Safer Google smartphones thanks to YAASE
It took only one month of hard work and two brilliant Italian minds to design and implement an advanced security system which protects data stored in the latest generation of Android smartphones.
The innovative system is called YAASE (Yet Another Android Security Extention) and, by working at the Androidoperating system level, it guarantees the protection of data stored in the smartphone from undesirable access, without compromising performance or creating any compatibility conflicts with current Android apps.
Data security has become one of the major issues and requirements of new mobile phones. Thanks to their increaseing popularity, Google smartphones have been under attack from malevolent apps available through various marketplaces. In the first half of 2011 alone, the number of mobile users exposed to malware was between a half million to one million according to a study conducted by Lookout Mobile Security.
One of the threats currently affecting the Android system is that of Privilege Escalation, where colluding applications maliciously collaborate to share their granted permissions.
As an example, consider a weather app requiring Internet and GPS permissions and a contact management app requiring access to the phone contact provider. The two apps may contain malware and start exchanging information. The weather apps may expose a service to allow network access. The contact management app may use this service to forward the user’s contacts to any website. All this can happen without the Android standard security system blocking the communication flow.

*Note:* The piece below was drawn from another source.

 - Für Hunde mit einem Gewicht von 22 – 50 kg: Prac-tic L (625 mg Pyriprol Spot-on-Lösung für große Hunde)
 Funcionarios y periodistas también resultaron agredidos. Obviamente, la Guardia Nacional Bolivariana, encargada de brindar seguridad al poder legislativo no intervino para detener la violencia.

To protect users of the Android platform, two researchers, Dr. Giovanni Russello from the Trentino-based research center CREATE-NET, directed by prof. Imrich Chlamtac, and Dr. Bruno Crispo, from the Department of Information Engineering and Computer Science of Trento, designed and developed YAASE, an advanced security extension to control the correct use of data for Android apps.
"YAASE - said Dr. Russello - works on several levels. First, it assigns a label to every piece of data and then it associates each app with the data label which can be allowed access. When the contact management app tries to send data through the hidden service of the weather app, YAASE will block this communication flow because the weather app is not associated with the label “contacts.”
It took just one month to design and develop the YAASE system: “Research and innovation – continued Russello – must be concrete. They must also provide an immediate answer to new needs”.
By the end of September YAASE will be available online for anyone who wants to protect their Android smartphone and their data from such risks.
"We hope – concluded Dr. Crispo - Google will also start to adopt more advanced security solutions than what is currently available in the Android platform”.